"Wir müssen das Übel an der Wurzel packen." Das fordert der CSU-Abgeordnete Georg Nüßlein und meint damit den Preis für Fleisch. Der hat seiner Meinung nach auch Auswirkungen auf die Arbeitsbedingungen in den Schlachthöfen. Der Preisdruck beim Fleisch sei für prekäre Beschäftigungsverhältnisse mit daraus resultierenden Gesundheits- und Hygienerisiken verantwortlich.
Was aus seiner Sicht helfen könnte: dass nicht mehr mit dem Preis für Fleisch geworben wird. Und wenn der Handel hier nicht freiwillig mitzieht, dann will Nüßlein ein Verbot. Das sagte er nun der Deutschen Presse Agentur - aber kann der Fleischpreis tatsächlich Einfluss auf die Arbeitsbedingungen haben?
Das kann durchaus sein, sagt Josef Efken vom staatlichen Thünen-Institut. Im Einzelhandel herrsche ein starker Wettbewerb, der sich nach unten auswirke, auf die Produktionsprozesse, sodass alles, was dazu beitrage, diesen Preiswettbewerb zu mildern, auch Auswirkungen habe. Er fügt allerdings auch hinzu:
"Aber diese Auswirkungen kann man nicht genau fest machen an Personalkosten oder an Erzeugungsbedingungen. Ich glaube, das wäre zu gewagt, zu sagen: Es gibt einen unmittelbaren Zusammenhang zwischen den schlechten Wohnverhältnissen der Arbeiterinnen und Arbeiter, die in Schlachthöfen arbeiten, und diesen Preiswettbewerb."
Problem der Mindeststandards - vor allem für Subunternehmer
So Marktwissenschaftler Efken. Um die Bedingungen für die Arbeiter von Schlachthöfen zu verbessern, plädiert er hingegen für Mindeststandards, die auch von den Subunternehmern einzuhalten sind und die auch über die Vorgaben, die nur im Schlachthof gelten, hinausgehen, sodass man sagt:
"Wir wollen auf jeden Fall, dass auch Bedingungen hinsichtlich der Wohnverhältnisse da festgezurrt werden und ein Mindestniveau immer eingehalten wird", sagt Efken.
Auch Achim Spiller, Professor an der Universität Göttingen, ist zurückhaltend, wenn es um die Auswirkungen des Fleischpreises auf die Arbeitsbedingungen geht.

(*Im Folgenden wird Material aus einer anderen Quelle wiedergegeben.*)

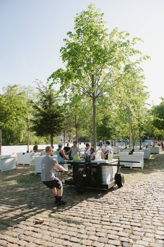 Elke paar maanden verplaatsen we het bos met speciale steekwagens naar een nieuwe locatie. Dit verplaatsen is een activiteit op zich. Elke boom kan met ongeveer 3 mensen goed verplaatst worden. Dus samen met omwonenden zullen we op de dag van verplaatsen met 4 bomen per keer door de stad “wandelen” naar de volgende locatie.

Ökonom Spiller: Kein Automatismus
"Es gibt definitiv keinen Automatismus zwischen den Endverbraucherpreisen und den Bedingungen in der gesamten Wertschöpfungskette: Das, was die Landwirte für ihre Tiere bekommen oder wie die Arbeitnehmer bezahlt werden", so Spiller.
Er forderte hingegen mehr Transparenz. Also dass die Verbraucher sehen können, woher das Fleisch tatsächlich kommt und wo es verarbeitet wurde. Da könnte die Politik ihren Beitrag leisten. Aber vor allem seien die großen Unternehmen gefordert, drei große Anbieter würden den Markt weitgehend bestimmen.

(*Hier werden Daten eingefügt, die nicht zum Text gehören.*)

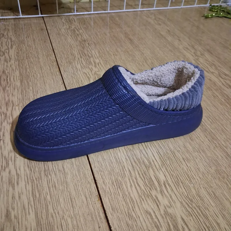 Шукаєте універсальне взуття, в якому буде тепло і в хаті, і на подвір'ї? Наші утеплені жіночі сабо у глибокому синьому кольорі — це саме те, що потрібно. Модель виконана з сучасного матеріалу ЕВА (піна), який славиться своєю легкістю та вологостійкістю. Завдяки цьому ваші ноги будуть захищені від вологи та бруду. Родзинка моделі — стильна фактурна поверхня "в ялинку", яка не тільки гарно виглядає, але й робить взуття більш стійким до подряпин та зносу. Всередині галоші утеплені густим та м'яким штучним хутром білого кольору ("баранчик"), яке чудово зберігає тепло та дарує відчуття затишку. Це взуття дуже просте у догляді: зовнішня поверхня легко миється водою, а матеріал швидко сохне. Сабо мають зручну колодку та легку підошву, тому ноги не втомлюються навіть при тривалому носінні. Ідеальний варіант для дачі, саду або приватного сектору. Характеристики: Матеріал верху: Піна ЕВА (EVA) — водонепроникна Матеріал утеплювача: Штучне хутро (тепле, біле) Фактура: Рельєфна (ялинка/зигзаг) Колір: Синій (Navy) Тип: Закриті (сабо/галоші) Розміри: 36-41 Сезон: Осінь/Зима/Весна Країна виробник: Україна / Фабричний Китай

"Und ich glaube, es wäre einfach dann auch sinnvoll, dass die mit ihrem Namen mal für ihre Leistung stehen. Dass wir also auch dort so etwas wie Markenartikel bekommen und der Verbraucher dann eine Chance hat, zu erkennen: Das kommt jetzt vom Unternehmen X und dem vertraue ich, weil die vielleicht auch in einer solchen Krise dann besser wirtschaften, besser mit ihren Mitarbeitern oder den Landwirten faire Preise bezahlen als andere", meint Spiller.

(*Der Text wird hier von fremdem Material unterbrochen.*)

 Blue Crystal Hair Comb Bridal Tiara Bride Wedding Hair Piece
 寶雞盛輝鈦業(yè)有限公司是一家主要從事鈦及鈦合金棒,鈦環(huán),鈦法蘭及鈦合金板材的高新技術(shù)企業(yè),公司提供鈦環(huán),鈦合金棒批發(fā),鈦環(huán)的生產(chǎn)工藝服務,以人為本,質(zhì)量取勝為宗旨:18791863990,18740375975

Schlachtbetriebe auch Thema im Corona-Kabinett
Davon hält Grünen-Politikerin Renate Künast wenig. Transparenz sei zwar immer gut, aber das dürfe nicht zum Suchauftrag für die Kunden werden, mit zu vielen Informationen auf der Packung. Sie verlangt hingegen strengere Regelungen:
"So wie das Bundesarbeitsministerium es ja auch für jeden Automobilhersteller oder sonst was festschreibt. Ja, wie viele Leute unter welchen Hygieneaspekten wo zusammen sein dürfen. Und es muss für die die Schlachtbetrieb arbeiten auch gelten", sagte Künast unserem Hauptstadtstudio.
Auch die Bundesregierung will zunächst an die Gesetze ran und im Corona-Kabinett kommende Woche härtere Regeln beschließen. Zudem mahnte Arbeitsminister Hubertus Heil über die Werksvertrag-Konstruktionen nachzudenken, über die viele Arbeitnehmer in der Fleischbranche angestellt sind. Dieses Subunternehmertum sieht er als die Wurzel allen Übels.